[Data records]
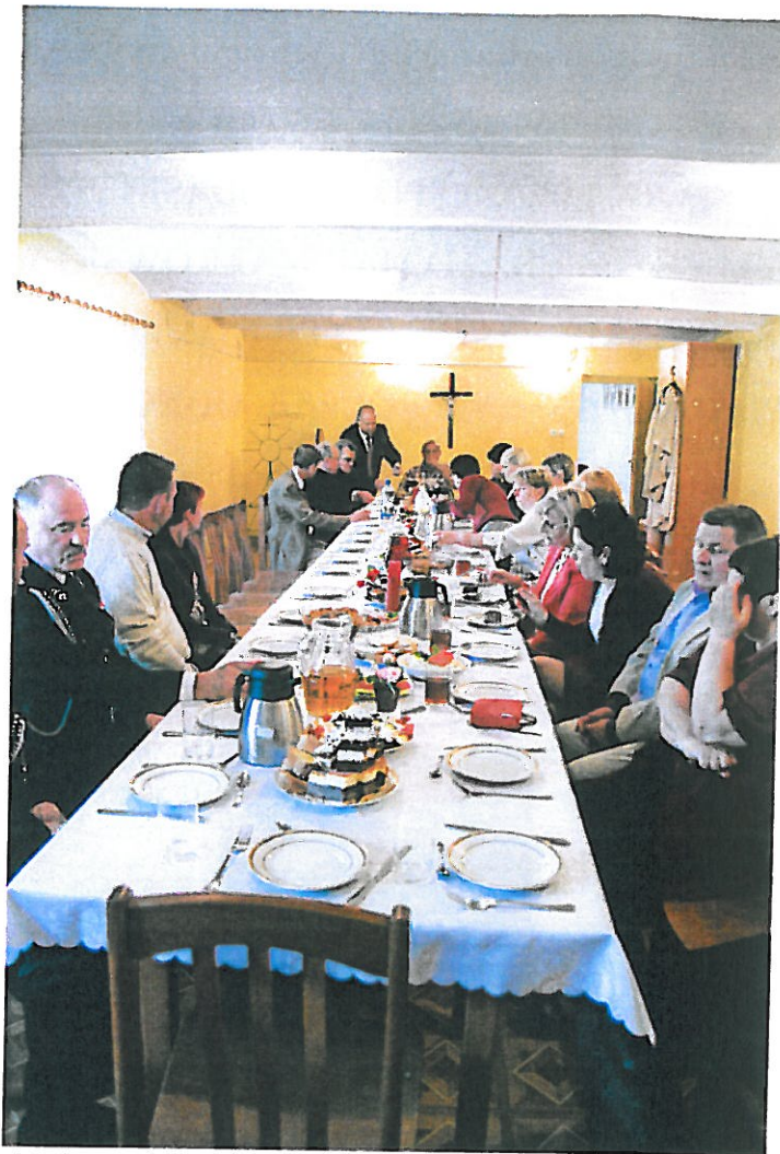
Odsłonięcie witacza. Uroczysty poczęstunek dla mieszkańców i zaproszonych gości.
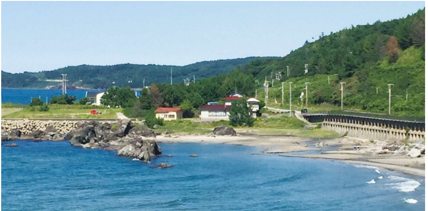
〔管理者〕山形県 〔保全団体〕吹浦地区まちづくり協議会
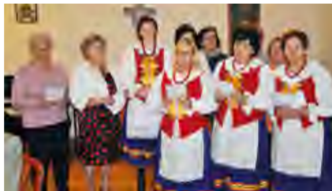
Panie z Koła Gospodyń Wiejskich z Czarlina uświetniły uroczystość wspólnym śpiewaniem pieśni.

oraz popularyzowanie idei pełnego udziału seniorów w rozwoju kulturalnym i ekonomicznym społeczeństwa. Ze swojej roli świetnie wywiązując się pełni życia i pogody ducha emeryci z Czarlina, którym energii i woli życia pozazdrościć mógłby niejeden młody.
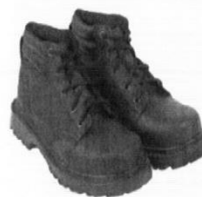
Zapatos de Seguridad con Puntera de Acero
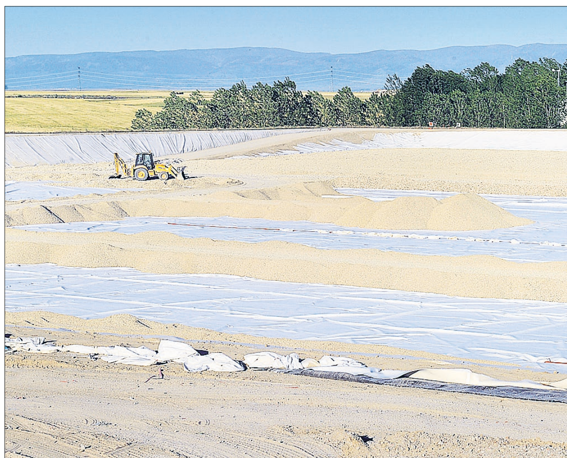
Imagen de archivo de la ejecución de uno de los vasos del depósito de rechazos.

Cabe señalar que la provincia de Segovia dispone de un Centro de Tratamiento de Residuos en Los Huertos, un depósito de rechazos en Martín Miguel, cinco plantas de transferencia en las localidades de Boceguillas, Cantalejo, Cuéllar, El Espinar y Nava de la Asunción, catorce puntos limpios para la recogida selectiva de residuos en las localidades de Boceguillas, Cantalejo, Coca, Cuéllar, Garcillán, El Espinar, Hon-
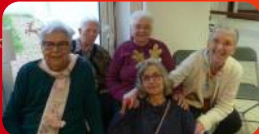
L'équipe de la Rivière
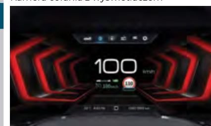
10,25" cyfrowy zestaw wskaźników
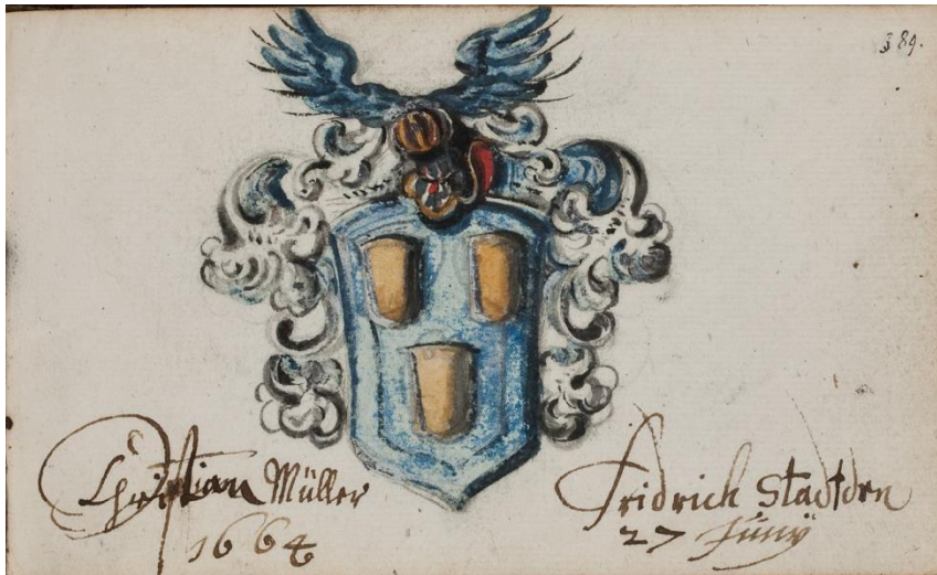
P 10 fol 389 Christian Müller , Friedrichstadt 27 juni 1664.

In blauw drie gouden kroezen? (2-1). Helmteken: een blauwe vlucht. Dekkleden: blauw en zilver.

§ **WHAT YOU HAVE TO DO**
Which lines run from the one holding "cyfrowy zestaw wskaźników" through the end of the records? Reproduce them word for word, both ends included, with no pictures.

§ **SOLVED EXERCISE**
10,25" cyfrowy zestaw wskaźników
P 10 fol 389 Christian Müller , Friedrichstadt 27 juni 1664.

In blauw drie gouden kroezen? (2-1). Helmteken: een blauwe vlucht. Dekkleden: blauw en zilver.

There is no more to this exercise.